The European Union today has 27 member states, and eight more countries, Croatia, Montenegro, Albania, Serbia, Kosovo, Macedonia, Iceland and Turkey, have taken at least the initial steps to joining the bloc. Historically, Europeans have achieved an enormous feat of integration. After starting with just six founding members in Western and Southern Europe, the bloc currently comprises nearly all European countries. The union has integrated the former military dictatorships in Spain, Portugal and Greece as well as the former communist states of central and eastern Europe. Its current enlargement project aims to include the fragile western Balkans.

Its greatest achievement, however, certainly remains uniting Germany and its former enemies. Who would have thought that Germany would emerge from the ruins of World War II and become one of the most important countries in the European Union? In the current debt crisis, Germany has been forced to take on a leadership role due to its economic strength.

Even as the winner of the Nobel Peace Prize was announced, the financial and sovereign debt crisis poses one of the most serious predicaments of the European Union's history, according to EU Commission President Jose Manuel Barroso. But crisis has been a constant companion for Europeans, and so far the EU has come out of each crisis stronger than before.

Critics often accuse the European Union of being too bureaucratic, too undemocratic and a faceless beast. It is true that the decision-making process can be complicated and sometimes non-transparent. But, most of the time, the laws that are enacted support integration. And those who are unhappy with a decision made by the European Union have a structured way to petition for legal redress. In this regard, the European Court of Justice is a globally unique institution.

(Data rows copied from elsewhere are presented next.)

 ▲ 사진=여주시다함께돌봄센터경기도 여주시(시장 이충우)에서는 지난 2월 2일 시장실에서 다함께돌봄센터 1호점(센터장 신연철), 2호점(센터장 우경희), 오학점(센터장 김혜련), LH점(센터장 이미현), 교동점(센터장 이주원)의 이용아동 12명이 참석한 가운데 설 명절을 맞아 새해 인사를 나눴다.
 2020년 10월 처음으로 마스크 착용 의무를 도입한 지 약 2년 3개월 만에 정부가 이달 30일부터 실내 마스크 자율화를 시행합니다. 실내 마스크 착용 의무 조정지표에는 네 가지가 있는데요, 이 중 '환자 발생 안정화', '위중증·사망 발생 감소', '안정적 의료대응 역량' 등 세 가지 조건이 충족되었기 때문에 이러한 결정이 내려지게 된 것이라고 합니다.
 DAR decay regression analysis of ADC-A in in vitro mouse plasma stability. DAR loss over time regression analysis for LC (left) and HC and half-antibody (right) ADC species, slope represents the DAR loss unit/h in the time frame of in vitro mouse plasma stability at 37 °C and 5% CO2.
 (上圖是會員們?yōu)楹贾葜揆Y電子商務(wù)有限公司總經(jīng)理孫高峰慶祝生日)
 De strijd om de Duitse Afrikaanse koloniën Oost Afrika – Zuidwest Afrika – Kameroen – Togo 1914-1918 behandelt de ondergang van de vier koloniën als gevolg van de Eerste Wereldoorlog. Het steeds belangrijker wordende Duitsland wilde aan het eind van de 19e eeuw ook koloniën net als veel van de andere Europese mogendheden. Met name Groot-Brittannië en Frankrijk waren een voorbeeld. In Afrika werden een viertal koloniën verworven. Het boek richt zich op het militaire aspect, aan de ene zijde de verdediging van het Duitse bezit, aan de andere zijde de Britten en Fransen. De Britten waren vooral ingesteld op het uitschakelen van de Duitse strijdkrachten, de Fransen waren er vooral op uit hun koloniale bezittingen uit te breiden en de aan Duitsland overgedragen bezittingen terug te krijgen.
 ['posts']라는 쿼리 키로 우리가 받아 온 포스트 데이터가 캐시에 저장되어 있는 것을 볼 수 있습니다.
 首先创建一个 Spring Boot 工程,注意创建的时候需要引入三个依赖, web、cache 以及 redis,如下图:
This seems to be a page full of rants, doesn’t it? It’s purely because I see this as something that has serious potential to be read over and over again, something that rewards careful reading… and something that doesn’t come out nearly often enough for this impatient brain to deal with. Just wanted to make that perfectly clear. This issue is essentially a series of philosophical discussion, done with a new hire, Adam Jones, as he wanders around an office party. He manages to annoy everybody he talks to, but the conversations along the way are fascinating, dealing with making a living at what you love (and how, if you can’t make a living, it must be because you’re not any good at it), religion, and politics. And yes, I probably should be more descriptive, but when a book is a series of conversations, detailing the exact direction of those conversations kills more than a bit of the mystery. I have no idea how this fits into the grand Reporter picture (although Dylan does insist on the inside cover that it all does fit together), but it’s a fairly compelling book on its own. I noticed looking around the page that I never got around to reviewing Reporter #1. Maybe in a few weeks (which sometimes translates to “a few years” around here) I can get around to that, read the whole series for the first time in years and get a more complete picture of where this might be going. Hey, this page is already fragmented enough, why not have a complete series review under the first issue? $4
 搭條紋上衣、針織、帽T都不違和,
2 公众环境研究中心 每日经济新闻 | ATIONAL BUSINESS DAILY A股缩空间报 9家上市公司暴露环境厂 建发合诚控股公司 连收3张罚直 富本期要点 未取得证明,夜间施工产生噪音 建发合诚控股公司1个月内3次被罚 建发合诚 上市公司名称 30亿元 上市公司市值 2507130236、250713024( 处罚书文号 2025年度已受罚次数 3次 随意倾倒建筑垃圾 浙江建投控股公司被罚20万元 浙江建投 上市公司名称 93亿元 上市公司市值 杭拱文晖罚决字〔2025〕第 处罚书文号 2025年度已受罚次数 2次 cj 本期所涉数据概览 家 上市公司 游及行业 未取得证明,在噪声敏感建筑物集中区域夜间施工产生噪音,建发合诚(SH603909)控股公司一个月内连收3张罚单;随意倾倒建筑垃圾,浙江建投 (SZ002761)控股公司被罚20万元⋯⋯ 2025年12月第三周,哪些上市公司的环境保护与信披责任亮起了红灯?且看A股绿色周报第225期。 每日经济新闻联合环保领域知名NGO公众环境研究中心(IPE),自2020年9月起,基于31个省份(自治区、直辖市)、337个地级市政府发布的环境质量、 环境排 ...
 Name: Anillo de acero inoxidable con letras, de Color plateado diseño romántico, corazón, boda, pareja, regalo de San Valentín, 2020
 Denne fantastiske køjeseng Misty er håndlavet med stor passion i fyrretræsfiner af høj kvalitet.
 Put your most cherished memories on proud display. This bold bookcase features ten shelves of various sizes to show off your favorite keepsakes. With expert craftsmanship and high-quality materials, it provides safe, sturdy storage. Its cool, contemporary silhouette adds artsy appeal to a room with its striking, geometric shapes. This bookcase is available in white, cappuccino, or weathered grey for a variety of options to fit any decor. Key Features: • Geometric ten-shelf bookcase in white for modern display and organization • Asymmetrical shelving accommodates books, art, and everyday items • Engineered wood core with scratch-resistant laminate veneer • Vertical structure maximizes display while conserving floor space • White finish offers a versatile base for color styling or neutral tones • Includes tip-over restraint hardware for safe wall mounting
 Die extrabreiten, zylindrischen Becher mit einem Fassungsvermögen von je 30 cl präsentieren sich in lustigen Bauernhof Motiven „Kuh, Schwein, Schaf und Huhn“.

It is this decades-long work of the European Union that the Nobel Committee recognized. But who are the actual winners? The four presidents of the EU's institutions, the Council, Parliament, Commission or the Euro Group?

Or is it not all Europeans, all the citizens of the European Union who each are a prize winner? After all, they are the ones who - in the end - had to support integration, reforms, enlargement as well as bear the all costs incurred.

Many acts that our grandparents would never have dreamed possible are today regarded as simple facts of life. Europe is normality. Europe lives despite its differences: diversity in unity. Today, we are all Europeans.